What are the lines, word for word, from the line with "14K DIAMOND CRESCENT" up to and including the line with "24日、ワシントンの米農務省" in the records below? Omit the pictures.

***** Records supplied

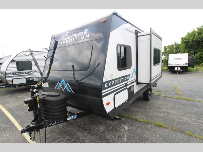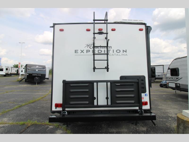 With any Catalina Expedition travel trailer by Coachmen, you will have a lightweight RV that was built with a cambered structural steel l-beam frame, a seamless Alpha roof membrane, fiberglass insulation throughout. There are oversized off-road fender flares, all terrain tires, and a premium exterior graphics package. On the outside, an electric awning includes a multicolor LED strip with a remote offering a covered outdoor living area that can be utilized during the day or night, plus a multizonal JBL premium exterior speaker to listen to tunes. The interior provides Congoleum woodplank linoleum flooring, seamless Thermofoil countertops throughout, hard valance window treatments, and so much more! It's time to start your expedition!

**********
***** Records supplied

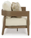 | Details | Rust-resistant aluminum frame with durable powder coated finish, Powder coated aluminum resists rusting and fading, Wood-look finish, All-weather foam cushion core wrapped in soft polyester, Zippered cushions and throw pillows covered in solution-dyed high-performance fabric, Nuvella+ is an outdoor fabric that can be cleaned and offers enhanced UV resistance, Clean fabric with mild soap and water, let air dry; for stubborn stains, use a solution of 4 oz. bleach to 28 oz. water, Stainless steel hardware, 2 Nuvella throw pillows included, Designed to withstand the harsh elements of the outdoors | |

**********
***** Records supplied

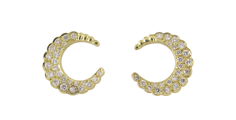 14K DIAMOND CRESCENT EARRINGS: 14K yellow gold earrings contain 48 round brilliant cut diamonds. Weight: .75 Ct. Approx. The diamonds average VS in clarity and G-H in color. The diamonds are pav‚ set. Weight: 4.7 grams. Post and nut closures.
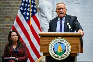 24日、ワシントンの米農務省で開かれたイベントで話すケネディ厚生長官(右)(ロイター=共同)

**********

Exercise result »
 14K DIAMOND CRESCENT EARRINGS: 14K yellow gold earrings contain 48 round brilliant cut diamonds. Weight: .75 Ct. Approx. The diamonds average VS in clarity and G-H in color. The diamonds are pav‚ set. Weight: 4.7 grams. Post and nut closures.
 24日、ワシントンの米農務省で開かれたイベントで話すケネディ厚生長官(右)(ロイター=共同)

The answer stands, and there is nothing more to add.